That "//rt.fm/pub/OpenBSD/%SUBDIR%/" looks wrong in a couple of ways.  You have may have a patch or something extra in the source tree.  csup updating won't delete an extra file.
With recursive Makefiles, it may take some hunting.
`# cd /usr/src && grep -r rt.fm/pub/OpenBSD`

Brute force would be to remove /usr/src and re-csup.


----------



## fronclynne (Jun 15, 2010)

wblock said:
			
		

> csup updating won't delete an extra file.



csup will only ignore files in directories with a .cvsignore (which I suspect is just a short regex of what to actually ignore), other wise it deletes anything extra.

The actual sources are in /usr/src/contrib/lukemftp/, so you may be able to get by with just removing that and re-csup(1)-ping.  If it still fails, try switching servers.


----------



## wblock@ (Jun 15, 2010)

fronclynne said:
			
		

> csup will only ignore files in directories with a .cvsignore (which I suspect is just a short regex of what to actually ignore), other wise it deletes anything extra.

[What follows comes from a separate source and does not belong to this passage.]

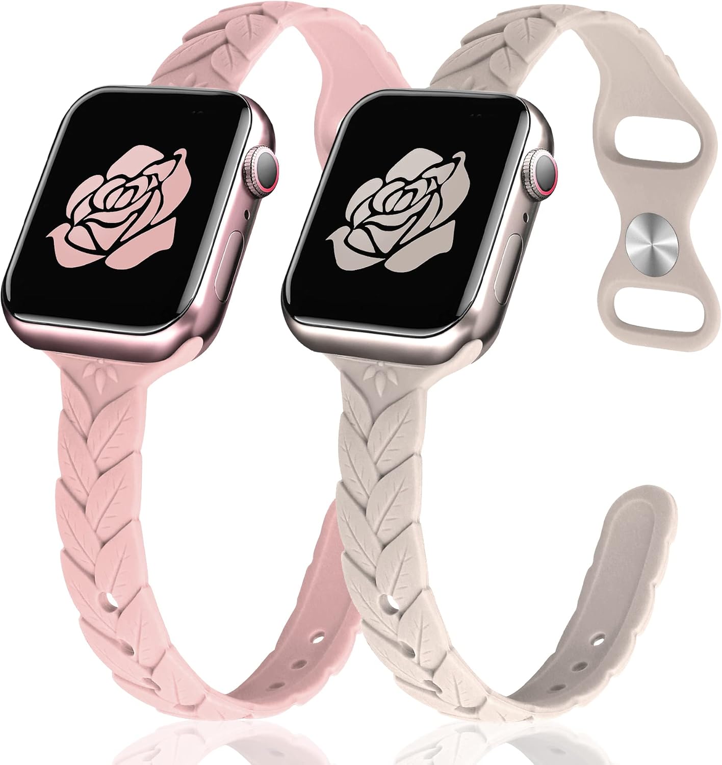 Adjustable size at will:The silicone watch band has multiple adjustment holes that can be adjusted to fit most women wrist sizes.38mm/40mm/41mm Size fits 5.2″-7.2″ (130mm-180mm) wrist; 42mm/44mm/45mm Size fits 5.4″ – 7.4″ (150mm-200mm) wrist.Our cute fancy fadeless Vine engraved silicone replacement strap compatible with Apple Watch 38mm 40mm 41mm 42mm 44mm 45mm 46mm 49mm, for iWatch Series 10/9/8//7/6/5/4/3/2/1, SE Sport, Ultra

Unless those extra files aren't in CVS.  Then they hang around like pigeons on a statue.


----------



## SIFE (Jun 15, 2010)

> The actual sources are in /usr/src/contrib/lukemftp/, so you may be able to get by with just removing that and re-csup(1)-ping. If it still fails, try switching servers.


i did what you suggest but the some problem i get.


----------